Animal Identification with Independent Foreground and Background Modeling
Lukas Picek, Lukas Neumann, Jiri Matas
TL;DR
This work tackles wildlife re-identification under domain shifts by explicitly modeling both foreground appearance and background context. It introduces Per-Instance Temperature Scaling (PITS) to calibrate per-sample predictions and fuses foreground likelihood $\Phi(x_{FG})$ with background priors $\Psi_k(x_{BG},x_{\theta})$ through $p(k|x_{FG},x_{BG},x_{\theta})$, achieving calibrated, robust identification. Background priors based on home, migrating, and time-decay locations are validated on two long-term wildlife datasets (Eurasian lynx and Caretta caretta), with substantial gains, especially for new locations.
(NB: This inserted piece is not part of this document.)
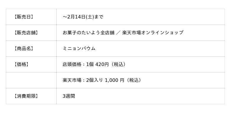 株式会社太陽社(所在地:千葉県匝瑳市飯倉293、代表取締役:片岡正裕)が展開する、千葉県で長年愛され続ける菓子店「お菓子のたいよう」は、バレンタインスイーツ第一弾となる、バレンタイン限定の看板商品「ミニョンバウム」を今年も1月30日(金)より販売いたします。今年は新デザインにピスタチオが加わり、可愛さをアップデート。さらに、待望のオンラインショップ対応も開始。店舗でしか買えなかった本商品が、全国どこからでもお楽しみいただけるようになります。

Ablation studies show calibration improvements and cross-architecture gains, though performance remains dependent on FG/BG segmentation quality and task-specific priors.
Abstract
We propose a method that robustly exploits background and foreground in visual identification of individual animals. Experiments show that their automatic separation, made easy with methods like Segment Anything, together with independent foreground and background-related modeling, improves results. The two predictions are combined in a principled way, thanks to novel Per-Instance Temperature Scaling that helps the classifier to deal with appearance ambiguities in training and to produce calibrated outputs in the inference phase. For identity prediction from the background, we propose novel spatial and temporal models. On two problems, the relative error w.r.t. the baseline was reduced by 22.3% and 8.8%, respectively. For cases where objects appear in new locations, an example of background drift, accuracy doubles.